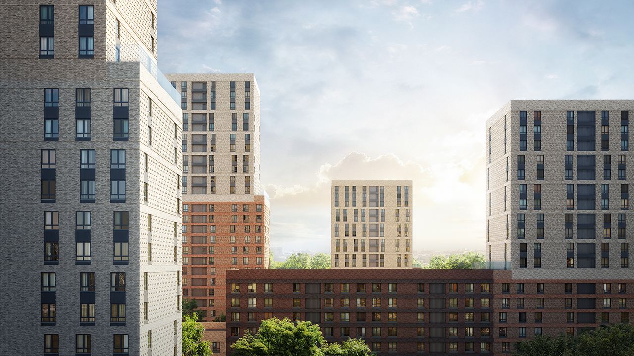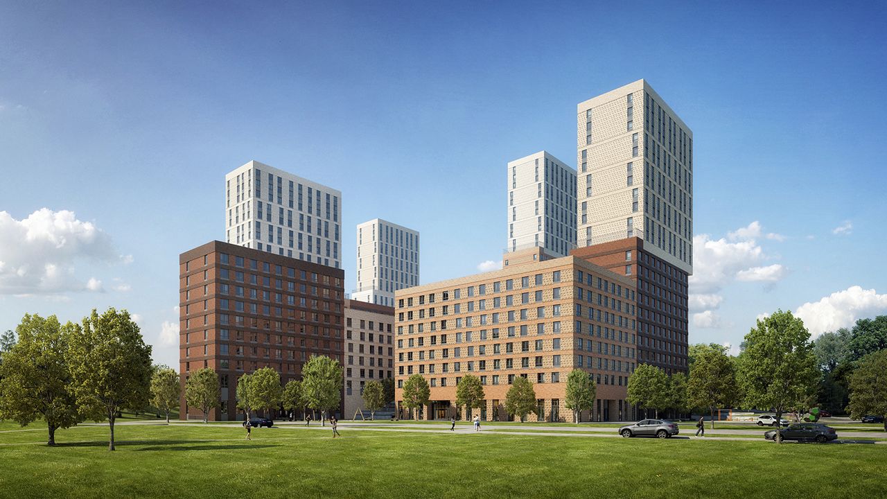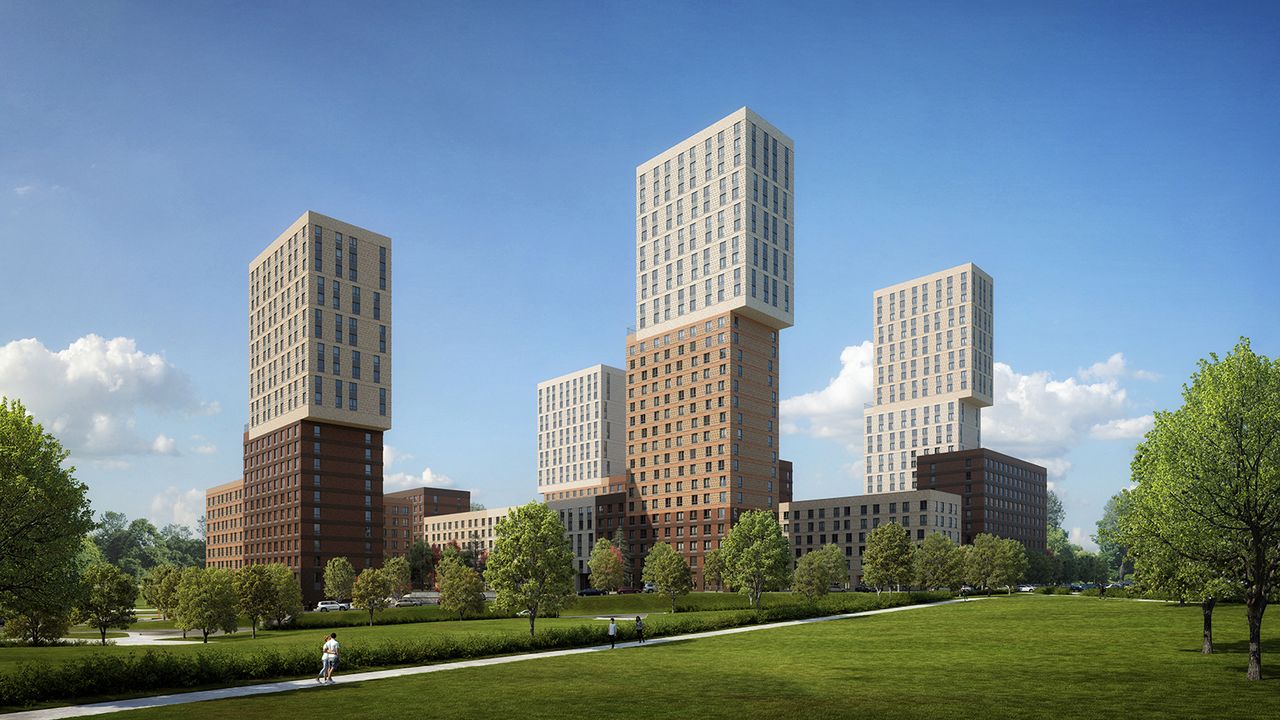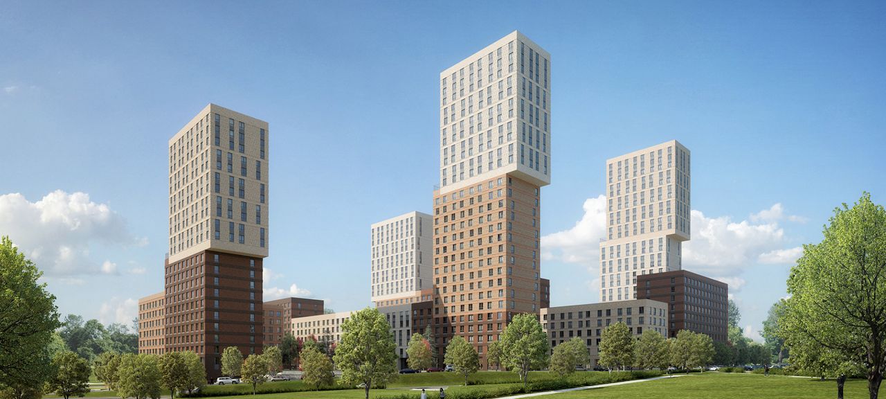 Четыре монолитных дома с переменной этажностью секций войдут в состав комплекса. Высотой от 6 до 28 этажей. Входные группы расположены на уровне земли, без лестниц и пандусов. В каждом подъезде установлено по два скоростных современных лифта: грузоподъемный и пассажирский, на них можно спуститься и на подземный паркинг. Есть место для консьержа и помещения с ограниченным доступом для хранения колясок и велосипедов. Также на подземных этажах расположены индивидуальные кладовые комнаты с высокими потолками, для возможности размещения так стеллажных систем хранения. Внешняя отделка фасадов дома является важной частью при выборе жилья, чтобы не нарушать единство фасадов, застройщик оборудует специальные места до установки кондиционеров на переходных балконах, а для отвода конденсата предусмотрены специальные дренажные каналы.
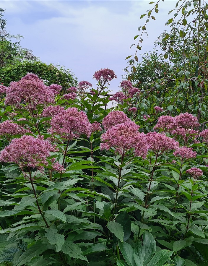 ПрименениеНеприхотливое растение является самостоятельным элементом ландшафтных композиций при формировании ярусности клумб и живых изгородей. Цветок часто используют в практических целях, искусно маскируя им неприглядные строения и хозяйственные участки придомовой территории.Дерево (куст)Высокорослый, достигающий в высоту до 2-х м. Стебель посконника пурпурного имеет прямое крепкое строение и практически не ветвится. Корневище растения достаточно хорошо развито, что позволяет ему без труда удерживать разросшийся полукустарник, который со временем становится довольно тяжёлым.ЛистьяПо всей его длине расположены крупные продолговатые листья насыщенно-зелёного цвета с фиолетовыми либо сиреневыми прожилками.Цветы (соцветия)Цвести растение начинает в начале-середине августа и заканчивает ближе к октябрю. Небольшие цветки собраны в корзинки, которые во время цветения выглядят как объёмные цветущие шапки диаметром до 30 см. Плоды растения выглядят весьма необычно и представлены в виде хохлатых семянок, внутри которых находятся мелкие шершавые семена. Но даже после окончания цветения растение выглядит очень красиво и благородно. Стебель к этому времени приобретает розовый оттенок и смотрится довольно эффектно на фоне ярко-зелёных листьев.ЗимостойкостьЗимостойкость средняя, до -34°C.Возраст саженца1 годУсловия выращиванияСлегка затенённый или открытый солнечный участок, на котором присутствуют лёгкие рыхлые плодородные грунты. На супесчаных и глинистых почвах культура растёт немного хуже, начинает отставать в росте и поздно зацветает.
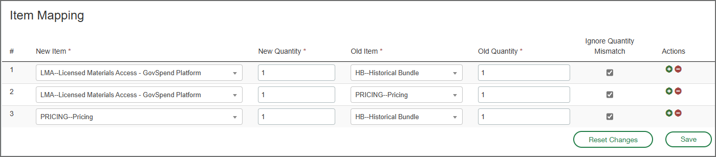 Auf der Seite "Artikelzuordnung" oder "Artikelbündel" richten Sie die Zuordnung oder Bündelung ein, indem Sie die alten und neuen Artikel und weitere zugehörige Informationen (z. B. Artikelmengen) angeben.
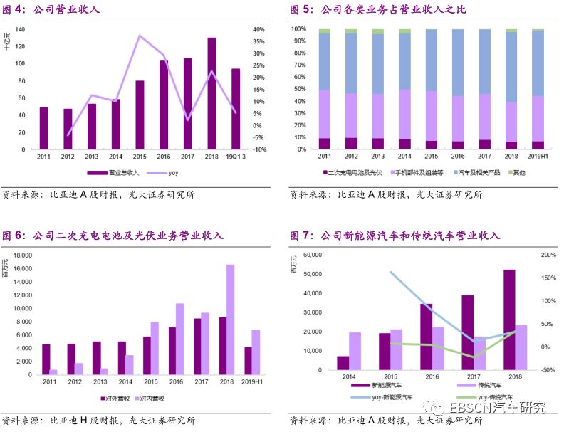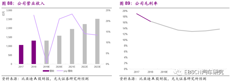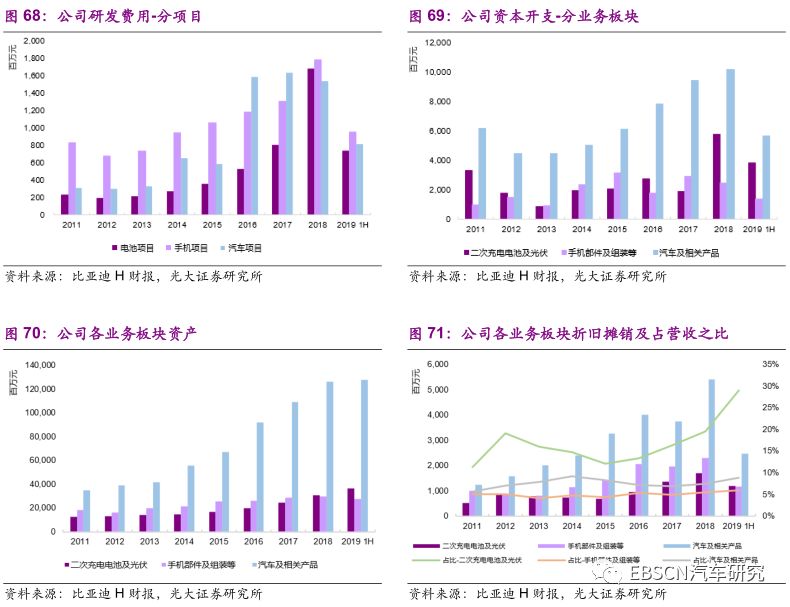 电池业务费用支出内部摊销致公司利润承压。作为公司新能源战略发展方向的载体,公司在电池业务投入不低。2018年电池项目研发费用超过汽车项目,资本开支和资产规模超过手机业务。不过目前电池业务以内供为主,2018年对外营收规模仅约45亿元,折旧摊销占营业收入约20%,远高于汽车业务的7.5%和手机业务的5.6%。目前电池业务的各类费用支出仅依赖整车销售摊销,拉低公司净利润率。电池业务独立、增加外供规模能扩大公司营业收入,有效摊销前期各类投入,改善公司整体盈利水平。

== == ==

**ACTION ITEM**
Write out the data precisely as given, excluding the pictures.

**SOLUTION FOR THIS TASK**
 Четыре монолитных дома с переменной этажностью секций войдут в состав комплекса. Высотой от 6 до 28 этажей. Входные группы расположены на уровне земли, без лестниц и пандусов. В каждом подъезде установлено по два скоростных современных лифта: грузоподъемный и пассажирский, на них можно спуститься и на подземный паркинг. Есть место для консьержа и помещения с ограниченным доступом для хранения колясок и велосипедов. Также на подземных этажах расположены индивидуальные кладовые комнаты с высокими потолками, для возможности размещения так стеллажных систем хранения. Внешняя отделка фасадов дома является важной частью при выборе жилья, чтобы не нарушать единство фасадов, застройщик оборудует специальные места до установки кондиционеров на переходных балконах, а для отвода конденсата предусмотрены специальные дренажные каналы.
 ПрименениеНеприхотливое растение является самостоятельным элементом ландшафтных композиций при формировании ярусности клумб и живых изгородей. Цветок часто используют в практических целях, искусно маскируя им неприглядные строения и хозяйственные участки придомовой территории.Дерево (куст)Высокорослый, достигающий в высоту до 2-х м. Стебель посконника пурпурного имеет прямое крепкое строение и практически не ветвится. Корневище растения достаточно хорошо развито, что позволяет ему без труда удерживать разросшийся полукустарник, который со временем становится довольно тяжёлым.ЛистьяПо всей его длине расположены крупные продолговатые листья насыщенно-зелёного цвета с фиолетовыми либо сиреневыми прожилками.Цветы (соцветия)Цвести растение начинает в начале-середине августа и заканчивает ближе к октябрю. Небольшие цветки собраны в корзинки, которые во время цветения выглядят как объёмные цветущие шапки диаметром до 30 см. Плоды растения выглядят весьма необычно и представлены в виде хохлатых семянок, внутри которых находятся мелкие шершавые семена. Но даже после окончания цветения растение выглядит очень красиво и благородно. Стебель к этому времени приобретает розовый оттенок и смотрится довольно эффектно на фоне ярко-зелёных листьев.ЗимостойкостьЗимостойкость средняя, до -34°C.Возраст саженца1 годУсловия выращиванияСлегка затенённый или открытый солнечный участок, на котором присутствуют лёгкие рыхлые плодородные грунты. На супесчаных и глинистых почвах культура растёт немного хуже, начинает отставать в росте и поздно зацветает.
 Auf der Seite "Artikelzuordnung" oder "Artikelbündel" richten Sie die Zuordnung oder Bündelung ein, indem Sie die alten und neuen Artikel und weitere zugehörige Informationen (z. B. Artikelmengen) angeben.
 电池业务费用支出内部摊销致公司利润承压。作为公司新能源战略发展方向的载体,公司在电池业务投入不低。2018年电池项目研发费用超过汽车项目,资本开支和资产规模超过手机业务。不过目前电池业务以内供为主,2018年对外营收规模仅约45亿元,折旧摊销占营业收入约20%,远高于汽车业务的7.5%和手机业务的5.6%。目前电池业务的各类费用支出仅依赖整车销售摊销,拉低公司净利润率。电池业务独立、增加外供规模能扩大公司营业收入,有效摊销前期各类投入,改善公司整体盈利水平。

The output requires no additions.